Activity: Could every line below be transcribed exactly, with the pictures dropped?

Information shown:
*** Begin section ***
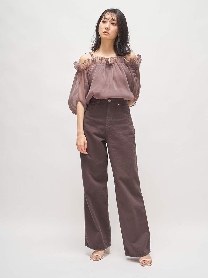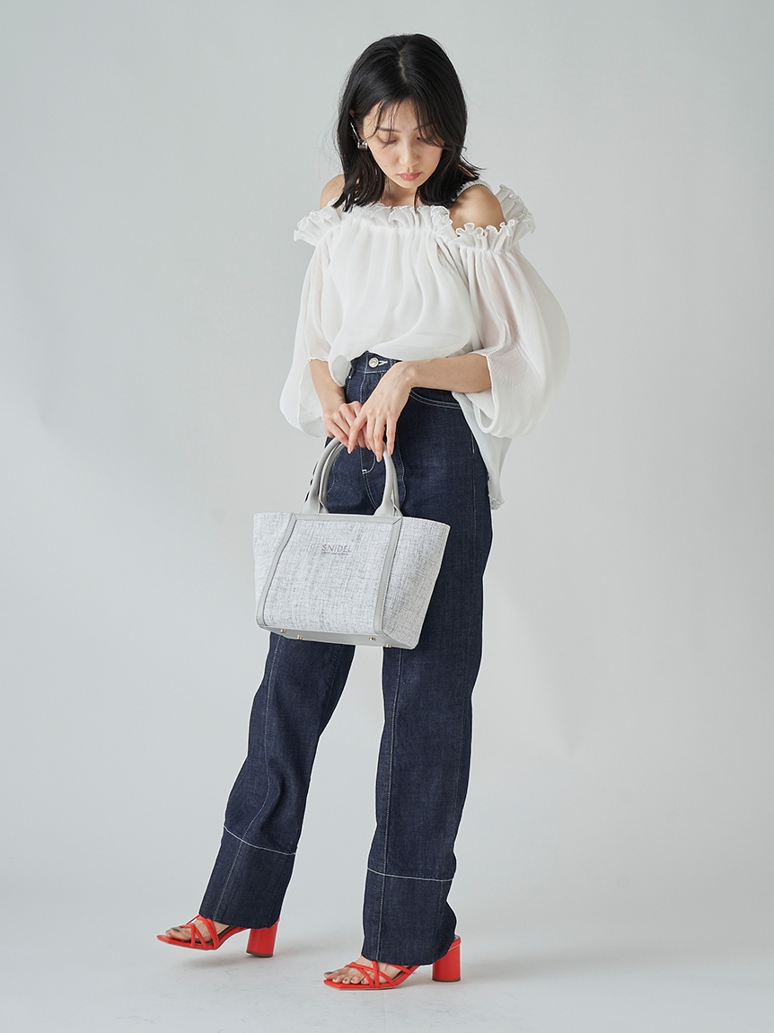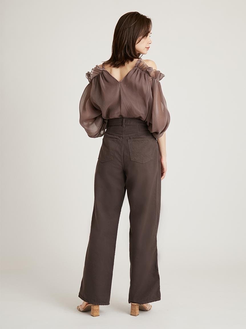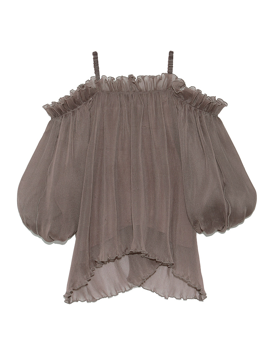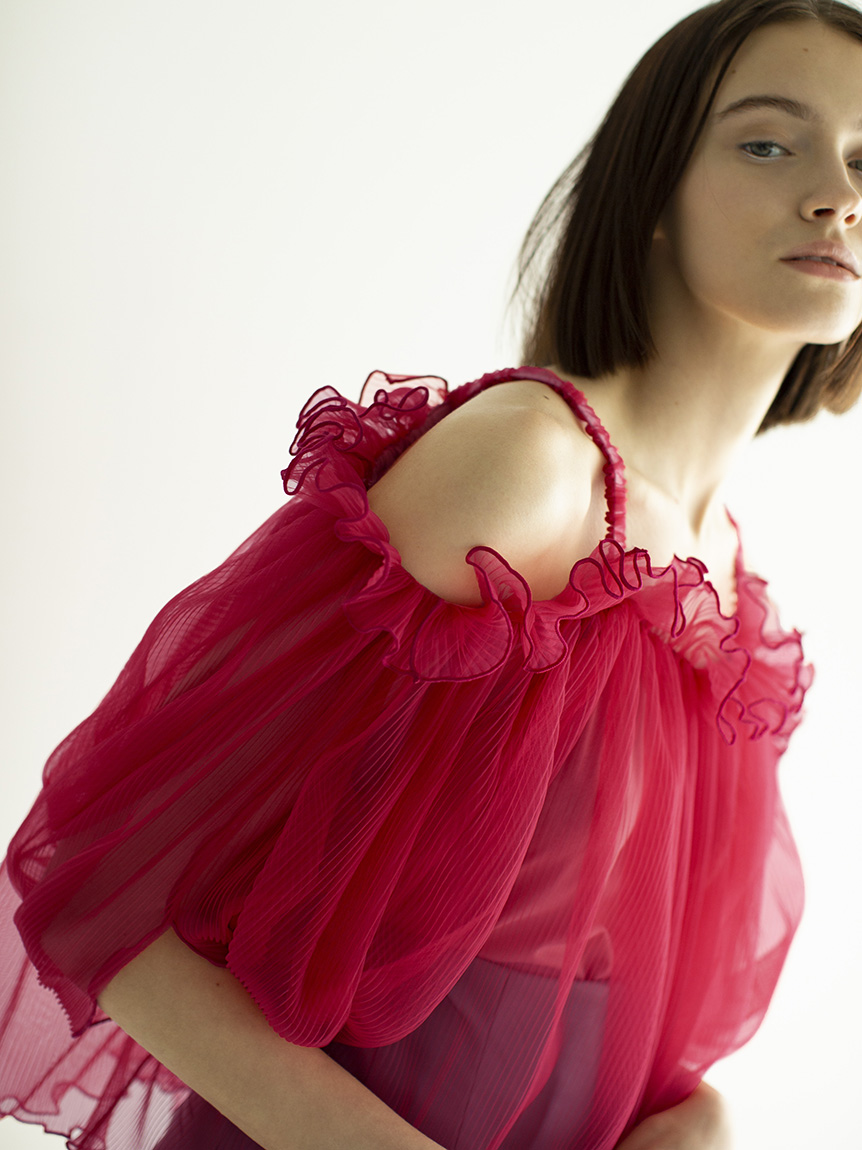 全体に細かなプリーツを畳んだ軽やかな素材感で、シーズンスタイルにぴったりのブラウス。軽やかな素材ながらハリ感のある素材に立体的な袖がモード感を引き立てます。バックに備えたボタンを外せばオフショルにもできる2WAYデザインで、アレンジ力は◎。肩紐があしらわれているのでずり落ちる心配もなく、安心して着られます。
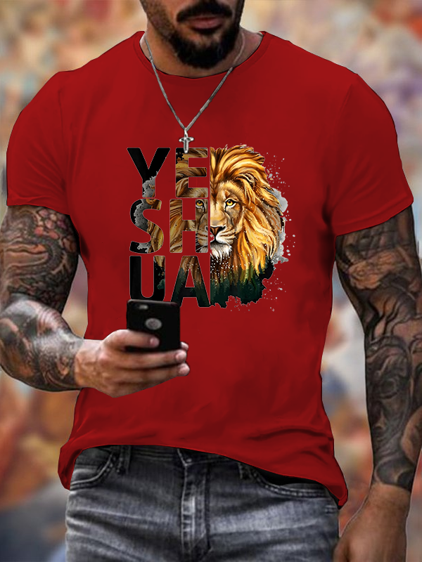 Yeshua Lion Jesus God Christian Premium Mercerized Cotton Tee
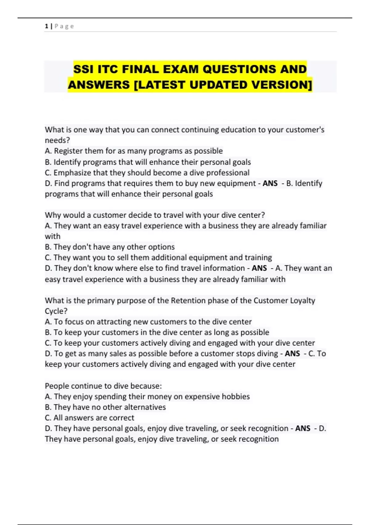 SSI ITC FINAL EXAM QUESTIONS AND ANSWERS [LATEST UPDATED VERSION]
*** End section ***
Final answer:
 全体に細かなプリーツを畳んだ軽やかな素材感で、シーズンスタイルにぴったりのブラウス。軽やかな素材ながらハリ感のある素材に立体的な袖がモード感を引き立てます。バックに備えたボタンを外せばオフショルにもできる2WAYデザインで、アレンジ力は◎。肩紐があしらわれているのでずり落ちる心配もなく、安心して着られます。
 Yeshua Lion Jesus God Christian Premium Mercerized Cotton Tee
 SSI ITC FINAL EXAM QUESTIONS AND ANSWERS [LATEST UPDATED VERSION]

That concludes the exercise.